Machine Learning, Platform Engineer
Together AI4 days ago
Base Salary
$160k - $250k/yr
Responsibilities
- Work on multi-cluster orchestration, portfolio optimization, and predictive autoscaling.
- Analyze and improve the robustness and scalability of distributed systems and infrastructure.
- Collaborate with product teams to understand functional requirements.
- Write clear, well-tested, and maintainable software and IaC.

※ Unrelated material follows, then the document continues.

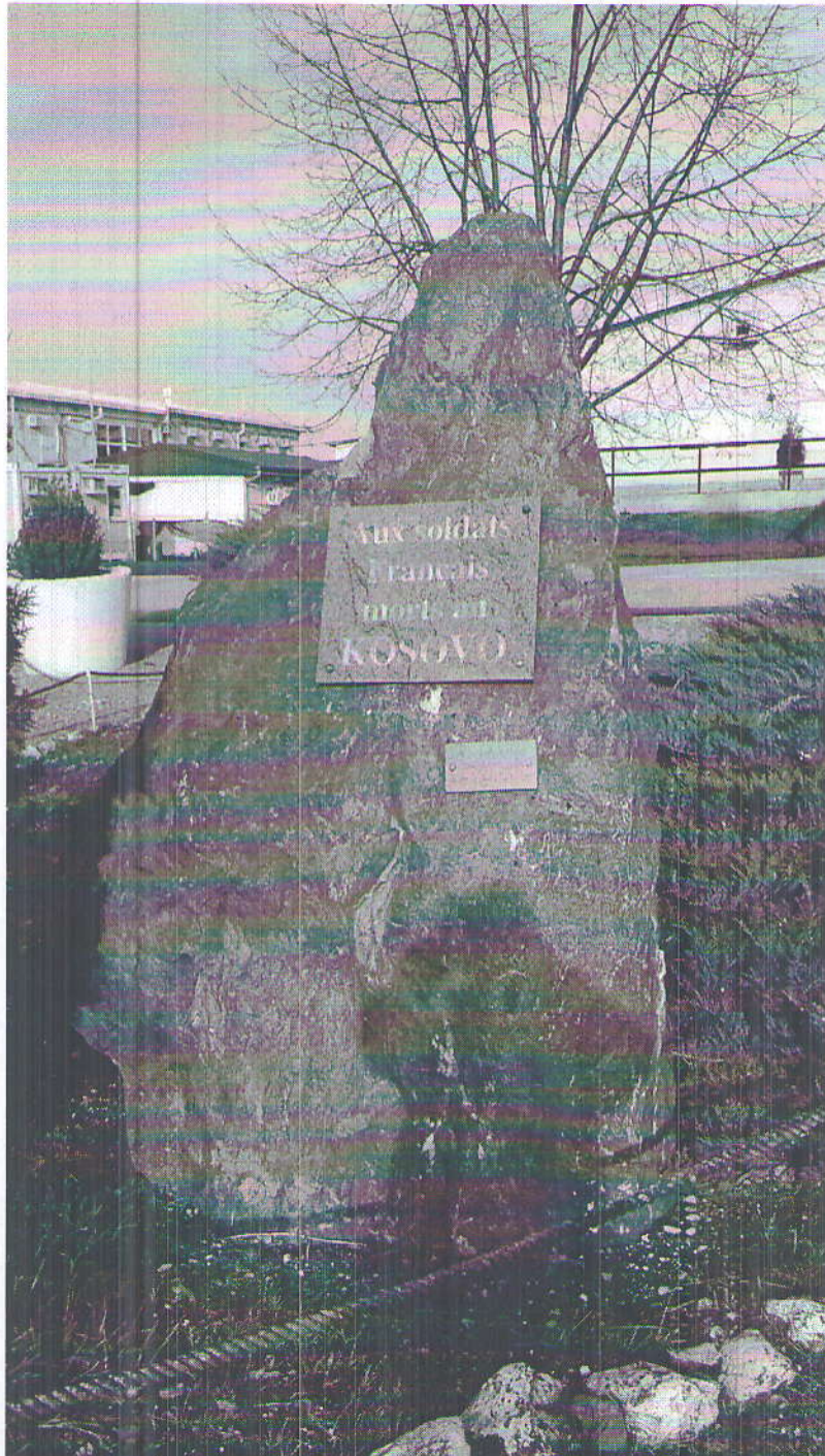
Predložen Lapidarijum (Njegovo prenošenje sa Vojnog Kampa Maxhunaj, u Prištini)

- Conduct design and code reviews and develop testing strategies.
Requirements
- 5+ years of experience in building large scale, fault tolerant, distributed systems.
- Experience with serverless inference platforms and cloud providers is a plus.
- Ability to discuss failures and improvements in built systems.
- Experience in designing and improving system efficiency and stability.
- Excellent understanding of operating systems concepts including concurrency and networking.
- Expert-level programming skills in Python, Golang, Rust, C++, or Haskell.
- Proficiency in Infrastructure as Code (IaC) using tools like Terraform.
- Experience with Kubernetes or other container orchestration systems.
- Sound judgement on the use of LLMs for code.
- Bachelor’s or Master’s degree in a related technical field or equivalent experience.
Benefits
- Competitive compensation and startup equity.
- Health insurance and other competitive benefits.